In 2025, the U.S. economy underperformed, with the annual real GDP growth rate at only 2.2%, falling short of the market's expectation of 3% and declining from 2.8% in 2024. Final data from the Bureau of Economic Analysis indicated that the annualized real GDP growth rate for the fourth quarter was 1.4%, significantly lower than the 4.4% during the third quarter. Excluding the AI-driven equipment and software investments, the growth of the U.S. real GDP almost stagnated, falling below 2%.
Although the U.S. still leads among the G7 economies, its growth rate pales in comparison to that of China and India. China achieved a 5.0% GDP growth in 2025, maintaining its target range of "around 5%", whereas India's growth rate was as high as 6.2%. In contrast, the U.S. growth rate was less than half of China's and substantially lower than India's.
Implicit Pressures of Inflation and Employment Market
Regarding inflation, although the U.S. official Consumer Price Index (CPI) decreased year-on-year, several independent studies suggest that official statistics significantly underestimated the actual price pressures. If mortgage rates and financing costs are included, the inflation rate could potentially double. The U.S. core PCE rose by more than 3% over three months, and the overall CPI reached 3%. Furthermore, the tariff policies imposed by the Trump administration were declared illegal by the Supreme Court, but their actual impact persists. Consumers and businesses continue to bear additional tax burdens, with import tariffs on food rising by 44%, driving up price levels.
In the employment market, while the U.S. unemployment rate remained low, non-farm job additions in 2025 were only 181,000, averaging 15,000 per month, marking the lowest level in nearly 20 years.
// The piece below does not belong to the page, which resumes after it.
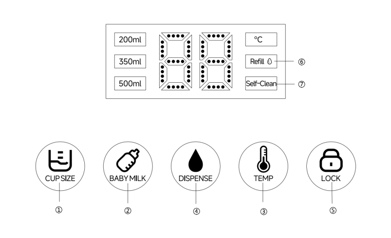 *The dispenser automatically locks after 30s of no operation. Only the Child Lock button remains illuminated while all other buttons and the dispenser outlet ambient light turn off.

There was a significant decline in manufacturing jobs, particularly with the unfulfilled promises of "manly jobs" from the Trump administration. Although the healthcare industry faced labor shortages, tightened immigration policies led to a loss of many foreign workers, further exacerbating the labor market tension.
Artificial Intelligence: Boosting Productivity and Increasing Unemployment
Artificial Intelligence (AI) was expected to be promising, yet its impact on employment gradually became evident. Despite some optimistic economists predicting AI would enhance productivity, Harvard University Professor Jason Furman's forecast fell short of expectations, anticipating a mere 1.7% productivity growth in 2025. AI applications were largely concentrated in medium to large enterprises, but their impact on the labor market was not apparent. Surveys of executives in countries such as the U.S. and the UK indicated that 70% of companies were already using AI, yet its actual impact on productivity and employment was minimal.
Some large tech companies have made AI investment a core strategy for future development. By 2025, the total AI investment by the seven largest global tech companies reached $450 billion, with projections to surge further to $700 billion by 2026. However, the returns from these massive investments are uncertain and face the risk of financial bubble bursts.
Structural Crisis and Future Outlook
The biggest issue facing the U.S. economy is its structural decline. High debt, low growth, the AI bubble, and a weak employment market have created a vicious cycle, widening the wealth gap. According to PIMCO's forecast, one-third of U.S. jobs face the risk of being replaced by AI, with the displacement of just 2% of jobs potentially leading to the loss of nearly one million positions, increasing the unemployment rate by 0.5 percentage points.
If these structural issues are not addressed, the U.S. unemployment rate could rise significantly in 2026, with policy errors potentially exacting a heavy toll. Currently, the U.S. economy faces significant risks and challenges, particularly under the dual influence of AI and protectionism, further exacerbating the K-shaped economic divergence that could evolve into a social crisis.